Of course, King’s singing is every bit as potent as the sweet and surly voices of his guitars — a mix of his main Gibson SG, a Les Paul Deluxe and an ES-345 plugged into a pair of Fender Super Reverb amps run in stereo and teased by only one effect: a Tube Screamer overdrive pedal. King’s warm, soaring tenor reflects a variety of soul and blues greats he considers fuel for his songwriting and performing that includes Otis Redding, Aretha Franklin, Janis Joplin, Ray Lamontagne and Haynes.

But King’s first musical well was his father, a guitarist and singer whose Marvin King & the Blues Revival remains a staple of the Carolina music scene.

“My father is still my biggest musical hero,” King says. “I’d see him coming home in the early morning hours after gigs when I was a little kid, and I thought my dad had the coolest job ever. I wanted to carry on the lineage. His father played fiddle and guitar, and his grandfather played fiddle. So when he took me to play my first gigs with him when I was about 11, it already felt completely natural.”

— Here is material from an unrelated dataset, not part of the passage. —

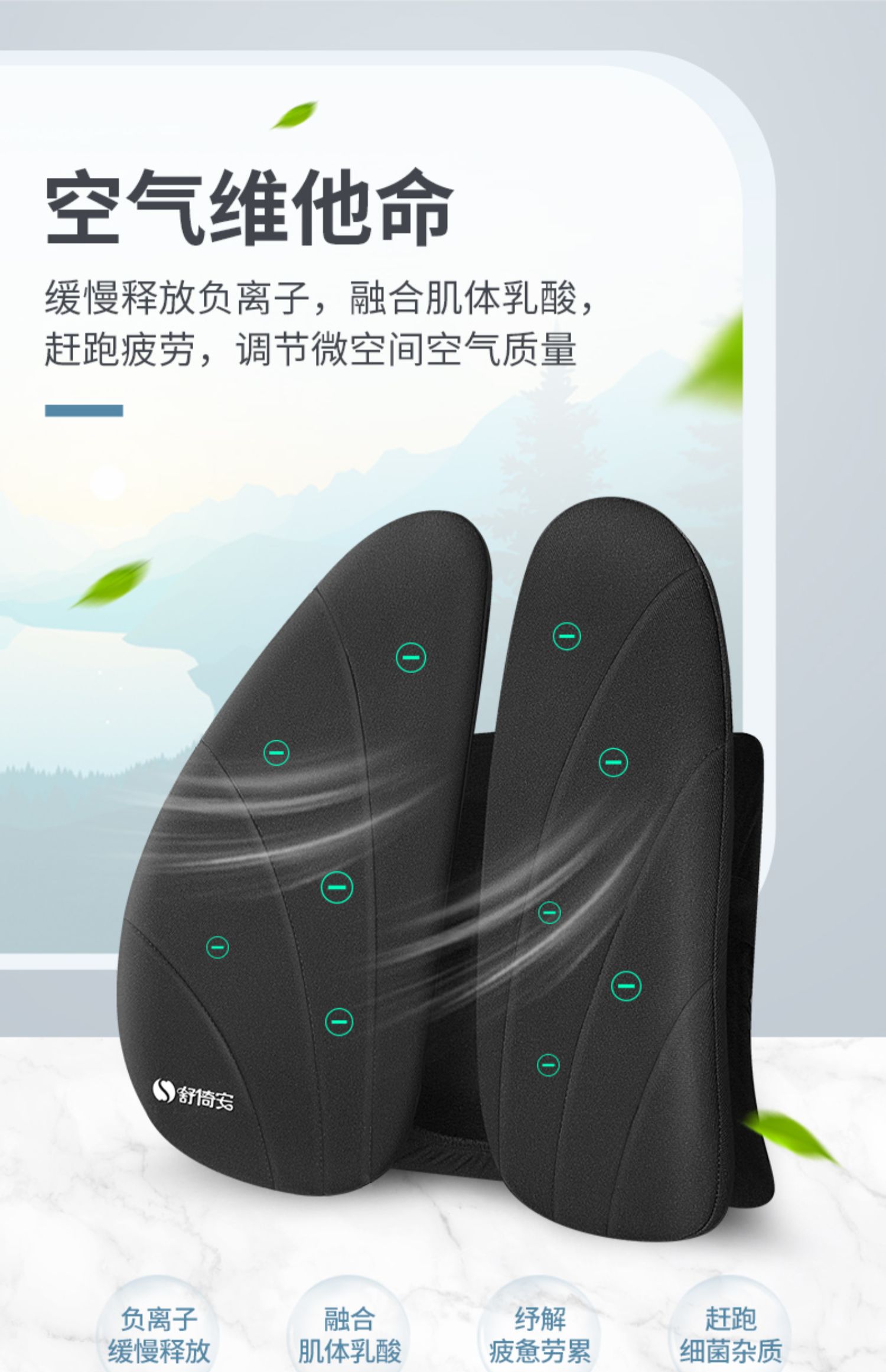 【林依轮直播推荐】负离子清新,3D动态支撑,人体工学减压腰靠,真正护腰,久坐8小时不累!办公,家居,车载等适用于多种场合的背垫神器,运动透气面料,四季可用。

“Natural” and “organic” are words King uses often. He puts a premium on writing songs that share his perspective on the world and in letting arrangements come to life in rehearsals and on the stage, evolving as the group plays them.

King says he’s already recorded more than two-dozen varied demos for Soul Insight’s follow-up. “The band’s current line-up is really perfect for me,” King explains. “With a trumpet and trombone we can have a really interesting instrumental color along with the guitar. Having an organ lets me get into the zone of classic jazz and blues. And with a percussionist and a drummer, we can do more elaborate rhythms and explore Latin music. So I have all I need to really take the music anywhere.

“Off stage, I’m a very introverted person,” he continues. “Making music is how I speak my mind and let people see the way I view the world — as a big, rich and colorful place with so much in it and so much to offer. And with Soul Insight, I think me and my band have come out kickin’, showing everybody who wants to listen what I’m all about.”